▶ [BRIEF] Please look for the string "بیرجند" below and report every line in which it occurs.

▶ [RECORDS SHOWN]
────

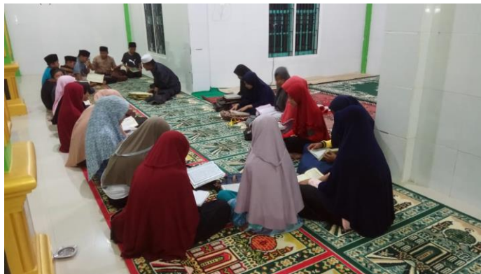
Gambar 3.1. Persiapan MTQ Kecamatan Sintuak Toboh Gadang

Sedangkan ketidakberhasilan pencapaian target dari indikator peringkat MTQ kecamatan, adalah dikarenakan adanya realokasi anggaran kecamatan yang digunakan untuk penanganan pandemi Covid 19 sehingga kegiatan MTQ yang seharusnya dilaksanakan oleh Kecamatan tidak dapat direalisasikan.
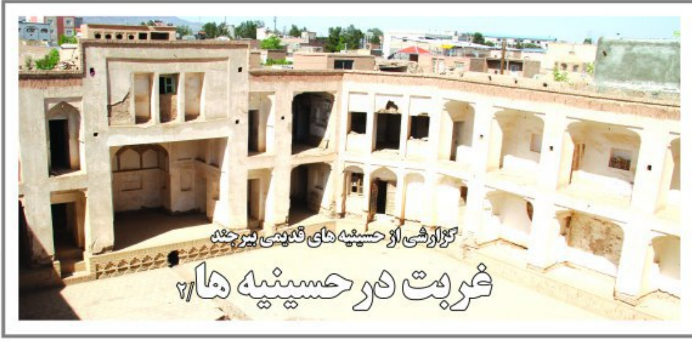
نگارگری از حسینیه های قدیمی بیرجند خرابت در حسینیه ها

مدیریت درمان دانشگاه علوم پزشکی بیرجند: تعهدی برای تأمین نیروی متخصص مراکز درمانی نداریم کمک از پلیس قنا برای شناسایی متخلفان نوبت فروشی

────

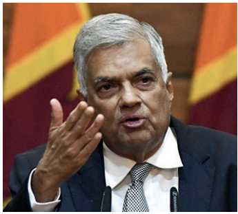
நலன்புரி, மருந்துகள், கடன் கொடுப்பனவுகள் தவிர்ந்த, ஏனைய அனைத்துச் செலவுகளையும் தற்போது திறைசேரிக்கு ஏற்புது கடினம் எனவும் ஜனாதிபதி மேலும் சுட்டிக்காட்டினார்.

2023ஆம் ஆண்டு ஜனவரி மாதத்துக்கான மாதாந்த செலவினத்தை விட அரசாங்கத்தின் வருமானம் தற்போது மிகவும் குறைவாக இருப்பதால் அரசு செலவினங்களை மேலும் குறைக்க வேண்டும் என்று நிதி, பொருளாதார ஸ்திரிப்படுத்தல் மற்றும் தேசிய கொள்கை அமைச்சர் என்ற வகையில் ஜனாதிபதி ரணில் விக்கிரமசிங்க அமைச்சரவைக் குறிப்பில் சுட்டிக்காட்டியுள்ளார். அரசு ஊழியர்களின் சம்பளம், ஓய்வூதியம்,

────

▶ [EXERCISE SOLUTION]
نگارگری از حسینیه های قدیمی بیرجند خرابت در حسینیه ها
مدیریت درمان دانشگاه علوم پزشکی بیرجند: تعهدی برای تأمین نیروی متخصص مراکز درمانی نداریم کمک از پلیس قنا برای شناسایی متخلفان نوبت فروشی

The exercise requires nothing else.